To better visualize the changes in individual lipid species, we created a correlation network of 412 lipids shown to differ between the resolving and non-resolving patients at 72h (Fig 3A). Only highly correlated relationships between each connected lipid pair in the correlation network (Pearson correlation coefficient r >0.7) were kept. Lipids within each class were well correlated with each other. Furthermore, we identified a unique relationship for the inter-class networks. The dominant type of lipids that increased from baseline in non-resolving patients were from the DAG-TAG and PE classes (Fig 3A). DAG and PE are produced in the liver and kidney by the conversion of the same precursors (fatty acid-CoA and L-glycerol-3-phosphate), first to phosphatidic acid and then either DAG or PE. PE and other glycerophospholipids are generated by the addition of headgroups (e.g. ethanolamine for PE or choline for PC) while TAG is synthesized from DAG by the addition of a third acyl group by acyl transferase. Also evident from the figure is the suppression of the cholesterol (CE) and LPE families of lipids. The interconnections between biochemical pathways involved in the synthesis of the lipid classes are shown in Fig 3B. The pathways are color coded to show how these pathways relate to the changes in lipid levels in the non-resolving group.

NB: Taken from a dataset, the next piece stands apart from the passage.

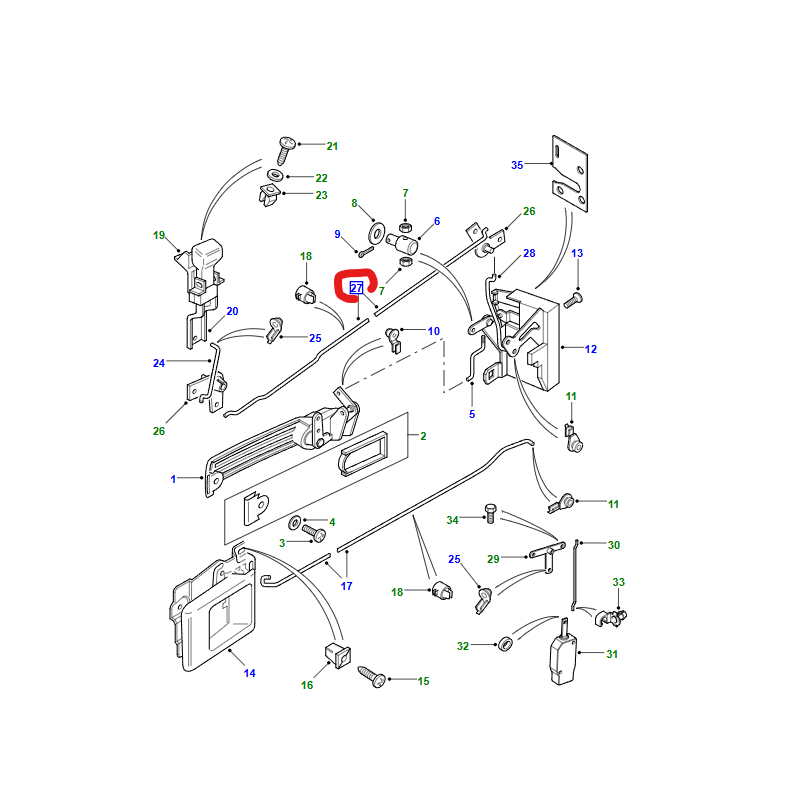 | Description: | The rear side door linkage from the lock button connects the locking mechanism to the door latch, enabling the door to lock and unlock. |
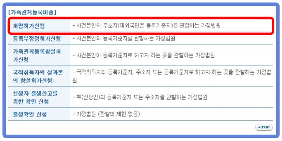 🌟개명허가신청의 경우 사건본인의 주소지를 관할하는 가정법원을 선택해야 합니다.

Figure 3. Lipidome network in non-resolving trauma patients at 72h.

(A) Correlation network among 412 lipids from 14 classes represented in the lipidomic dataset. Each dot indicates a lipid and is depicted in a circle if it belongs to one class. Highly correlated (Pearson coefficient > 0.7) lipids are represented by edges. Only inter-class correlations are shown. Relative levels are color coded for each lipid species between non-resolving and resolving trauma patients at 72h after admission.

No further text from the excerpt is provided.